Reports Q3 2021 earnings Wednesday, Nov. 17, before the open
Revenue Expectation: $24.55 B
EPS Expectation: $2.82

Based on Target’s (NYSE:TGT) stock performance this year, it’s clear the discount retailer has a solid lead over competitors in the post-pandemic environment, backed by its earning strength.

Shares of the Minneapolis-based discount retailer are up about 50% this year, massively outperforming closest rival, Walmart (NYSE:WMT). TGT stock closed on Monday at $264.33.

Target Q3 Earnings Preview: Stock's 50% Jump Signals Retailer’s Competitive EdgeTarget Weekly Chart.

The nation’s largest retailers benefited immensely from waves of pantry-stocking by American consumers. This resulted in massive spikes in sales of some categories, like toilet paper, snacks, and cleaning products. The demand surge was so strong that in the last fiscal year, Target increased revenue by more than it had in the previous 11 years combined.

As the U.S. economy reopens, many analysts believe that the best days for these big-box retailers’ sales growth are behind them. Target reported in August that its sales growth slowed in the second quarter, with same-store sales—a key measure of retail performance—rising 8.9%, narrowly beating a consensus estimate of 8.2%.

That slowdown is very much expected due to tough comparisons with last year’s pandemic boom, but the changing buying preferences of consumers could boost margins this year.

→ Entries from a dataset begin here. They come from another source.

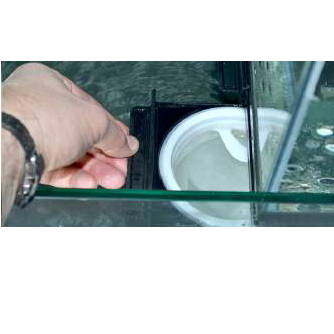 En el caso de un bloqueo en la bajante regulada, una tubería de desbordamiento de emergencia adicional proporciona un flujo libre sin restricciones de agua del acuario directamente al sumidero.
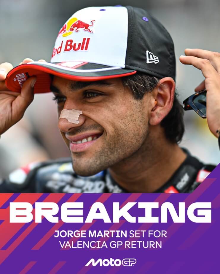 Jorge Martín will travel to Valencia for the Grand Prix of the Valencian Community. The Spanish rider, who has been absent since the Japanese GP due to a displaced fracture of his right collarbone sustained during the sprint race, will still need to undergo evaluation by the FIM Grand Prix World Championship Medical Team in order to receive clearance to race. The 2025 season was particularly difficult for the Spaniard due to four injuries: first in the Sepang tests, then during training, followed by an injury in the Qatar race, and lastly in the Motegi sprint race. The goal for the weekend will be to assess his physical condition after more than a month and a half of downtime.
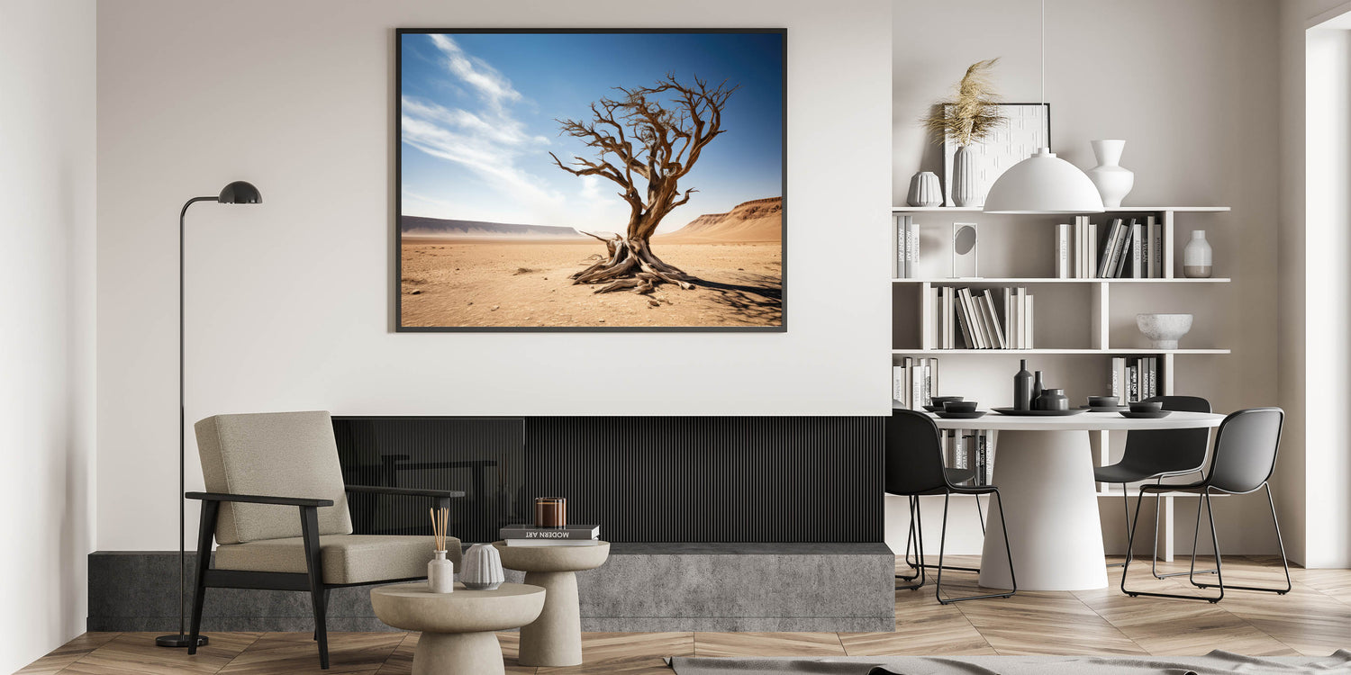This desert tree canvas art print is more than just a decorative piece; it’s a statement of endurance and natural beauty, making it a perfect addition to any room where you want to inspire strength and resilience.

Target could see a jump in core profitability during 2021 because it’s selling more higher-margin items, like clothing. In the second quarter, for example, apparel was the best performer amongst its five core categories. According to Target’s forecast, the full-year operating income margin rate will be 8% or higher.

Market Share Gains

Target is also well-positioned to capture market share from competitors weakened by the pandemic, the result of TGT’s superior online services, including same-day order pickup and delivery.

Indeed, in recent years Target beefed up its investment in online services. Instead of spending heavily to establish a massive network of online fulfillment warehouses, it used stores as hubs to ship internet orders or allow shoppers to pick up their purchases from store parking lots.

Many analysts believe Target will be able to hold on to its gains in market share even after the pandemic is contained. In a note last week, JPMorgan kept its overweight rating on shares of Target, saying the company is a “clear winner” heading into the holiday season.

Where investors will seek clarity in tomorrow’s report will be on the question of whether Target’s business will be hampered by the global supply-chain disruptions during the crucial fourth quarter—which accounts for most retailers’ profits.

In a CNN report, Louis Navellier, chairman of Navellier & Associates, said:

“Retail sales are expected to soar this holiday shopping season due to high consumer confidence as well as rising personal income. The shortage of some key goods should not derail holiday spending, since when consumers have money in their pockets, they will spend it.”

Bottom Line

Target continues to retain its position as a top retailer even when sales are slowing after the pandemic boom. Tomorrow’s earnings might provide further evidence in support of this view.